# Perry's Hi-Tech open tournament ~ Lanier



## fishrman17 (Jan 22, 2013)

This will be an open tournament for anyone to attend. We encourage all members to be present if possible. We would also like extend the welcome for anyone to fish and meet the guys of PHT trail. We will have a club meeting to follow and food prepared after the tournament free of charge. This tournament will be $50 per boat and of that, $5 going to big fish for the tournament. It will be 80% payback, 20% to help cover food and permit cost. One place paid for every 5 boats up to 6 places.
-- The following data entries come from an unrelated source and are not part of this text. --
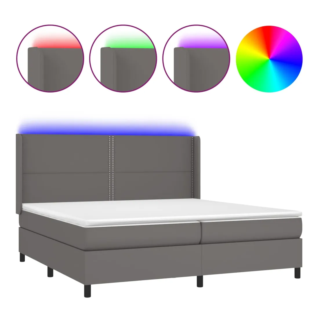 Utilisez ce sommier tapissier avec matelas et LED pour profiter d'un sommeil réparateur ! C'est le point central de votre chambre à coucher. Similicuir durable : le similicuir de qualité supérieure est un matériau très durable. Il est résistant aux taches, ce qui le rend facile à nettoyer avec un chiffon humide. La surface lisse donne également un aspect luxueux et la beauté du cuir véritable.Tête de lit pratique : la tête de lit est réglable en hauteur selon vos préférences. La tête de lit vous offre un excellent soutien du dos lorsque vous êtes assis dans votre lit pour lire ou regarder la télévision.Bande LED colorée : apportez de l'éclairage dans l'obscurité avec des lumières LED colorées !Matelas à ressorts ensachés : le ressort ensaché individuel intégré est connu pour sa très haute qualité tout en assurant un haut niveau de durabilité et d'adaptabilité. Il peut absorber efficacement le bruit et les chocs causés par les sauts et les rotations.Protège-matelas doux pour la peau : le protège-matelas est recouvert d'un tissu résistant et doux pour la peau, ce qui le rend souple et confortable. Remarque :Pour des raisons d'hygiène, le matelas ne peut pas être retourné si l'emballage est retiré ou ouvert.Seule la partie avec un symbole de ciseaux peut être coupée et seule la partie avec l'USB continuera à fonctionner comme avant.Chaque produit est livré avec un manuel de montage dans la boîte pour un montage facile.Ce produit est doté d'un connecteur USB, mais la source d'alimentation certifiée de USB 5V n'est pas incluse.
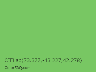 CIELab 73.377,-43.227,42.278 Color is a normal green color and the nearest color is Mantis #74c365. Hex code #78c763 and RGB value is rgb(120,199,99). In RGB color space, this color is composed of 47% red, 78% green, 39% blue, In CMYK color space, this color is composed of 40% cyan, 0% magenta, 50% yellow , 22% black , In HSL color space, this color has a hue angle of 107° , 47% saturation and 58% lightness.
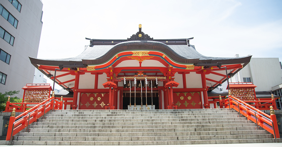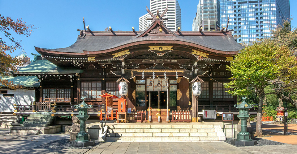 新宿の街の中心にあることから「街の守り神」とされ、本殿には商売繁盛の神、武神、食物の神の三柱が祀られる神社です。開運出世、財福招来のご利益があります。境内にある「威徳稲荷神社」は夫婦和合と恋愛成就にご利益があります。御朱印は通常のもの、11月の酉の市、5月の例大祭の3種類があり、いずれも社務所で受け付けています。毎週日曜には「青空骨董市」が開催され、古道具や着物などの様々な掘り出し物が見つかります。

Blast off with be at SAFE LIGHT. 

The goal of having this tournament is to build our club reputation and hopefully get the interest of future members.


----------



## fishrman17 (Jan 22, 2013)

laurel park boat ramp


----------



## fishrman17 (Jan 22, 2013)

february 16
if you have any questions feel free to ask


----------



## cblaloc1 (Feb 4, 2013)

do you have any open seats for a co-angler? if so give me a shout!


----------



## cblaloc1 (Feb 4, 2013)

How often does your club fish? Is all tournaments on Lanier? If you do have a boater in need of a co-angler could you help me get in touch with them?


----------



## fishrman17 (Feb 4, 2013)

http://forum.gon.com/showthread.php?t=736698
Our schedule is posted on that link for the club. I'll check with the guys and see if anyone needs a partner an let you know as soon as I can


----------



## cblaloc1 (Feb 5, 2013)

ok, thanks!


----------



## Jason Sayers (Feb 10, 2013)

I would like to fish how many boats are yall expecting?


----------



## fishrman17 (Feb 10, 2013)

We're expecting a really good turnout from what were hearing


----------



## EugeneT (Feb 12, 2013)

me add deepwe,,r will be there.


----------



## Wt00612 (Feb 13, 2013)

Should we just show up early to register and figure out boat number?


----------



## fishrman17 (Feb 13, 2013)

Yes please show up early, boat number will be determined by order of sign up. We will have a table set up for registration


----------



## Wt00612 (Feb 13, 2013)

fishrman17 said:


> Yes please show up early, boat number will be determined by order of sign up. We will have a table set up for registration



Okay awesome thank you! See you there


----------



## fishrman17 (Feb 13, 2013)

No problem. Looking forward to seeing and meeting everyon


----------



## cblaloc1 (Feb 13, 2013)

I'm still looking for a boater for this tourney if anyone has an empty seat. willing to split cost. give me a shout!!!


----------



## TroyBoy30 (Feb 14, 2013)

Putting in too far up the lake for me


----------



## FULL_DRAW (Feb 14, 2013)

Planning on being there.


----------



## fishrman17 (Feb 15, 2013)

We are still on for tomorrow. We will begin sign ups at around 5:00am, see y'all in the morning


----------